▸ YOUR GOAL: In the entries below, find the line containing "Для членов избирательной" and the line containing "Asas para manejo integral". Copy those two lines and everything between them exactly, and only that.

==== THE INPUT ====

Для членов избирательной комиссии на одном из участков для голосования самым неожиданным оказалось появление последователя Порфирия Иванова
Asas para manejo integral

====
==== THE INPUT ====

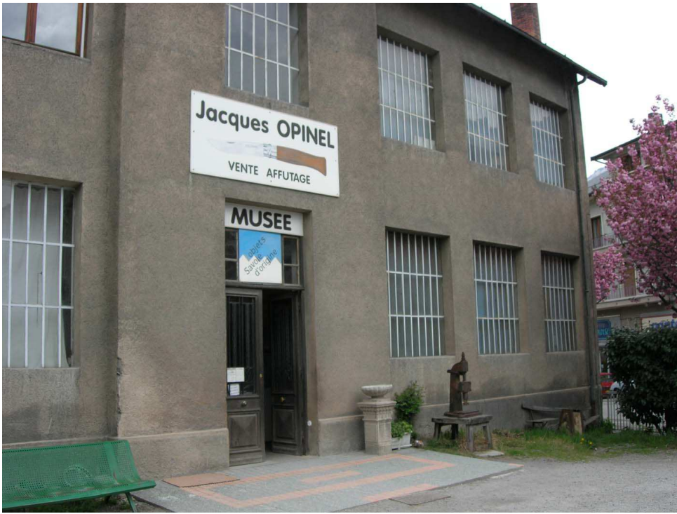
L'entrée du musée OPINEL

====

▸ RESPONSE TO THE TASK:
Для членов избирательной комиссии на одном из участков для голосования самым неожиданным оказалось появление последователя Порфирия Иванова
Asas para manejo integral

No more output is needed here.